Is Johnson & Johnson’s Covid-19 vaccine a game changer?
Having a single-shot solution that’s easy to store would be a great help in the vaccination effort. But there are still some unknowns
Sam Fazeli, a Bloomberg Opinion contributor who covers the pharmaceutical industry for Bloomberg Intelligence, answered questions about Johnson & Johnson's one-dose Covid-19 vaccine. The pharmaceutical giant released promising early-stage trial data on its ability to fight the disease, expanding on results the company first published in September. The conversation has been edited and condensed.
Johnson & Johnson's vaccine will be another weapon in the fight against Covid-19. What do these findings say about how well it works and how it compares with others?
We won't know the efficacy of the vaccine for another couple of weeks — that's when the first results from late-stage, phase III trials will be reported — but the data from an earlier stage in the trial that was just published in a peer-reviewed article in the New England Journal of Medicine helps us make some predictions. The findings, looking at various aspects of the immune response after one or two doses, look better than the preliminary report from the same trial that we saw in September. After just one dose, the immune reaction looks similar to that seen with two doses of the Pfizer Inc.-BioNTech SE and Moderna Inc. vaccines, though it's important to note that different methods were used to measure antibody levels, so they are not directly comparable. What's also good is that the antibody response continued to remain strong and even improved up to 71 days after the first dose, while the effect in people older than 65 was pretty much the same as that seen in younger adults. Given all this, and the fact that the Pfizer vaccine had close to 90% efficacy in its phase III trial between the first and second dose, I am optimistic that J&J's phase III will also report very strong efficacy.

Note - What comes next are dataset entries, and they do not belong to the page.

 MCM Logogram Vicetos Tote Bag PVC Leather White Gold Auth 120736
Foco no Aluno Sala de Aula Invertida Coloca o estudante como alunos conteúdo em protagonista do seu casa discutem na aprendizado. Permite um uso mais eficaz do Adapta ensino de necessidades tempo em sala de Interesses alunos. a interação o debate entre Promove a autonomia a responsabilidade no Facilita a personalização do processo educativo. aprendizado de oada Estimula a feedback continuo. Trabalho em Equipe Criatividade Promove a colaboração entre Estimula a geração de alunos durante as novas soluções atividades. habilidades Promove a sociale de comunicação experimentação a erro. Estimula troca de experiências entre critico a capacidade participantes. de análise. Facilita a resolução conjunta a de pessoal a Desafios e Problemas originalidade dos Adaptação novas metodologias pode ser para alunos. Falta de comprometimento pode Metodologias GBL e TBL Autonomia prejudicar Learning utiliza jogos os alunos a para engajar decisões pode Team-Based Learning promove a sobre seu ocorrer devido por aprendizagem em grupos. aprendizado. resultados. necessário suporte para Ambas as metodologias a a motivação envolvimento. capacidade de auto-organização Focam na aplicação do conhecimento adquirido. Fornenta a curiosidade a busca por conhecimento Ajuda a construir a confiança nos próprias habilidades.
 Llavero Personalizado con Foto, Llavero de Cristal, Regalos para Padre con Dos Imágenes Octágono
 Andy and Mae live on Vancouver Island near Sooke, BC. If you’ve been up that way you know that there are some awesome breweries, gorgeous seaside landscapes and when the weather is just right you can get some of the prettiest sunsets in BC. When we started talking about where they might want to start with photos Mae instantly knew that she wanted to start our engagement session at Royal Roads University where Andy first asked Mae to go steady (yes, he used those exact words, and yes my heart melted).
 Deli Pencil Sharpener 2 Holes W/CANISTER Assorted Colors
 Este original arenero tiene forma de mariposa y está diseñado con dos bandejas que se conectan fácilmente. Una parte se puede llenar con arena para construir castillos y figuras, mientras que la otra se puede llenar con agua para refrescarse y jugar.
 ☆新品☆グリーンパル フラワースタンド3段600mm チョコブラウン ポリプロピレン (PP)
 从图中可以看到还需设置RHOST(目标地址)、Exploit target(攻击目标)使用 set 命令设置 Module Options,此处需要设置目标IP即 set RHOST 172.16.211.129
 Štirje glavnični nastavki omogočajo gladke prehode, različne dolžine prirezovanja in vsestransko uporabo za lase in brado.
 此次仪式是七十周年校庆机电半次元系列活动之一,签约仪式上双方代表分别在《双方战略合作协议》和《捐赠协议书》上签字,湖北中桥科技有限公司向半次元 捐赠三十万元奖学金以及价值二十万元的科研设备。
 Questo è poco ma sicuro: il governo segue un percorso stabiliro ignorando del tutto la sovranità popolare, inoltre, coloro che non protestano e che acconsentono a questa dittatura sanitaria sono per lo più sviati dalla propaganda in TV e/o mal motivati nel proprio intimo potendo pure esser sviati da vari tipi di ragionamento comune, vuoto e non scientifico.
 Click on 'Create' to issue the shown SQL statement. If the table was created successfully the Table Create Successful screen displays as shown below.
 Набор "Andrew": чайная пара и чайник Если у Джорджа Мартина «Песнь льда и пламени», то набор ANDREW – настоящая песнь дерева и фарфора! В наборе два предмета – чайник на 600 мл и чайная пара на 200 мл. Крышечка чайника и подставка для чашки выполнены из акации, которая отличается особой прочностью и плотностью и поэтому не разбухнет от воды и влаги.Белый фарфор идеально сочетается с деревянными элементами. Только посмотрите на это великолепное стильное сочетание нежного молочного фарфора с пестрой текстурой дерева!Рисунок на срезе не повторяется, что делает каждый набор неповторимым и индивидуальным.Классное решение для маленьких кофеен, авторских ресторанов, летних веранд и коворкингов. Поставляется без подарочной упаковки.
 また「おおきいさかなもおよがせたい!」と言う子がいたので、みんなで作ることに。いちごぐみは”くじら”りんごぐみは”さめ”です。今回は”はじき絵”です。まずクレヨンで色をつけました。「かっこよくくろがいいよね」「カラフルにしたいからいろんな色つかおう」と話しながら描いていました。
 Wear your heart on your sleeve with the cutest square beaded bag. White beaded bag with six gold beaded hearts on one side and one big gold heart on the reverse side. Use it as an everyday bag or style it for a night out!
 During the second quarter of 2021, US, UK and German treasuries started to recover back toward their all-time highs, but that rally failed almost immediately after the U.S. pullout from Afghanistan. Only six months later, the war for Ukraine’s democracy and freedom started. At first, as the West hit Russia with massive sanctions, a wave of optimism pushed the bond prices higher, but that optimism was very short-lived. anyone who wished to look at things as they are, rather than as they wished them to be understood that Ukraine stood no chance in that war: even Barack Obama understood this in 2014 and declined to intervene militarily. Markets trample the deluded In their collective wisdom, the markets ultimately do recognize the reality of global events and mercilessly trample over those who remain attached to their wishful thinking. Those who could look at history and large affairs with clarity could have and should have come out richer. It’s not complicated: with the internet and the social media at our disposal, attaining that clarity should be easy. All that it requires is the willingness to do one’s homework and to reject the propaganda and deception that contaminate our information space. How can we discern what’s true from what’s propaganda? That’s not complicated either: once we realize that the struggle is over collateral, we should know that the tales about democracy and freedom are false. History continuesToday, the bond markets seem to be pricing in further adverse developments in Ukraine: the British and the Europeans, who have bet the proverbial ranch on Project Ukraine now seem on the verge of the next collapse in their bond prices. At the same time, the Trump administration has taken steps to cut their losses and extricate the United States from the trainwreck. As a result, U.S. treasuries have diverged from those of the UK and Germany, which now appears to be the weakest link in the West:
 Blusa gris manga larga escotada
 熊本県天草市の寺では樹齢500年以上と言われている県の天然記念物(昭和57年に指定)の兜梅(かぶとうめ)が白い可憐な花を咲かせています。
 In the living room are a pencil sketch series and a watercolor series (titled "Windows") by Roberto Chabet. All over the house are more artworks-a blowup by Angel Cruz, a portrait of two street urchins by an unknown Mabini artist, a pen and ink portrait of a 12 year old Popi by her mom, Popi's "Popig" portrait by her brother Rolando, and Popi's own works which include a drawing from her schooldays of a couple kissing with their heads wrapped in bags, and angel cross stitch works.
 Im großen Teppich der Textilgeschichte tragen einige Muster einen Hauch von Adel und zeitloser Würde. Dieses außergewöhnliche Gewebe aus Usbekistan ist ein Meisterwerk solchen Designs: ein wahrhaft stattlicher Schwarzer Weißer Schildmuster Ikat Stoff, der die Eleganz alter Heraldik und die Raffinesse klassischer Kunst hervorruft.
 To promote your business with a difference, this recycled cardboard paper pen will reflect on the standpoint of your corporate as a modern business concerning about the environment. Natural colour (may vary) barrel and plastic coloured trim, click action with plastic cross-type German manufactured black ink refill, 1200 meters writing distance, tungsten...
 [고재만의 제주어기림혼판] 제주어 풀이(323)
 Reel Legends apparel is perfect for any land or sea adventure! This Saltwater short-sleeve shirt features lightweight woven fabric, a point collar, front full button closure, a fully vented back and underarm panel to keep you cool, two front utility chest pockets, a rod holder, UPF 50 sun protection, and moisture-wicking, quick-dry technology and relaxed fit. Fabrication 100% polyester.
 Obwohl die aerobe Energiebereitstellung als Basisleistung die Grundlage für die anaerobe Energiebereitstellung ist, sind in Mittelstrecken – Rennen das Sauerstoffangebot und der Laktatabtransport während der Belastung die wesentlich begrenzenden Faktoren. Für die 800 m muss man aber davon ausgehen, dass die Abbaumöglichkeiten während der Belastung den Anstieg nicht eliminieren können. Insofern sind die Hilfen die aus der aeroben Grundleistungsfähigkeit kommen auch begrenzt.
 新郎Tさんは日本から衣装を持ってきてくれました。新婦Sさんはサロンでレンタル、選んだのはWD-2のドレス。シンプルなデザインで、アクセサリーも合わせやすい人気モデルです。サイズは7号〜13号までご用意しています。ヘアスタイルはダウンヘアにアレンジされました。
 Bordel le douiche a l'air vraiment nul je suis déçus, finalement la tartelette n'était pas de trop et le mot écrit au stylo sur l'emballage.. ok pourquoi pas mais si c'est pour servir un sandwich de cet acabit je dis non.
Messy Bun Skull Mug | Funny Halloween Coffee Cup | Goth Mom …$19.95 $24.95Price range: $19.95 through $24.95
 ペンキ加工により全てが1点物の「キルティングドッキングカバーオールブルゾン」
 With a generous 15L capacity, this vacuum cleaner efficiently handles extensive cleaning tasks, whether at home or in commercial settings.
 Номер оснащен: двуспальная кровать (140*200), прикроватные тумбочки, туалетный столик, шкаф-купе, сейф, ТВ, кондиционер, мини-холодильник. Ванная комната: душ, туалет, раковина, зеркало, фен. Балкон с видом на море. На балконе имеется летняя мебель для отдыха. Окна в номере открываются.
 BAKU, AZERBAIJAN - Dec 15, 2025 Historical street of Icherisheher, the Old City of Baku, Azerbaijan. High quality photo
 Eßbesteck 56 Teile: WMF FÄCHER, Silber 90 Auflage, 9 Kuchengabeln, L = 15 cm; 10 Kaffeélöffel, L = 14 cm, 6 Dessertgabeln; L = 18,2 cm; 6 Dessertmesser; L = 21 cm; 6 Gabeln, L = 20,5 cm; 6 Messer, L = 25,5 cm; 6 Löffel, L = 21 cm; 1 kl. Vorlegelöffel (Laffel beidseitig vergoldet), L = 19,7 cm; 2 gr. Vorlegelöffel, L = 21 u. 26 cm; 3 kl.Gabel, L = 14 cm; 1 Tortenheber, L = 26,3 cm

How does the J&J vaccine work?
J&J's vaccine uses the same type of "viral-vector" technology that's used in the shot developed by AstraZeneca Plc and the University of Oxford as well as Russia's Sputnik V vaccine. In all these cases, other viruses — typically adenoviruses that cause the common cold, either in humans or primates — are engineered to deliver the genetic material for the Sars-Cov-2's key "spike" protein instead. This causes the immune system to raise a response to the spike protein as well as other parts of the adenovirus vector that is used.
What's the timing? If it looks so good early on, can we expect approval soon?
While the immunological data look great, a large phase III trial is needed to figure out the efficacy of the vaccine in preventing disease and, perhaps even more important, its safety profile in a large diverse group of people. One important difference about the J&J trial is that its main goal is to determine how well the vaccine reduces the risk of moderate to severe disease. The other trials looked only at severe disease as a secondary outcome measure. So the J&J phase III trial will directly answer the question of how well severe disease was reduced.
Assuming the phase III data is positive, how will it factor into the vaccine rollout?
Many people should rightly rejoice if the J&J phase III trial reports as strong an efficacy as we expect it to. The shot will greatly help vaccination efforts and could be a game changer. It will be a single-shot vaccine that can be stored and transported at refrigerator temperatures unlike those of Pfizer-BioNTech and Moderna, which require various degrees of freezing. J&J has done global deals for an initial 900 million doses of the vaccine, plus a potential further 400 million doses under option. But J&J has already hit some production snags, according to the New York Times, with production unlikely to reach high volumes until April or May. So even if its profile makes it one of the best vaccines out there, we will still need all the other shots to help us beat this pandemic.
Is a single shot really enough?
How long the protection lasts will not be known for a long time, but the 71-day antibody response cited above is promising and suggests a single dose is sufficient, at least in the near term. But there is an open question about whether a second dose would be better over the long term. In the data just published, a second dose 57 days after the first certainly boosted the immune response in young adults. So it's possible that a second shot will eventually be needed for longer-lasting protection.
Is there any sense of how the J&J vaccine works against the variants that emerged in the U.K. and South Africa, which appear to be more transmissible?
The conventional wisdom for all of these vaccines is that even if there is an effect, it will be one of reduced efficacy, not total loss. A slow loss of efficacy would be expected over time anyway, just like our natural immune reaction to the versions of other coronaviruses that cause mild disease. The adenoviral-based vaccines like J&J's and Astra's are easily adaptable to the evolving virus. But a theoretical problem would be that if we do need updated versions, the immune reaction to the adenoviruses that are employed to carry the genetic material may limit their efficacy. We'll have to watch this.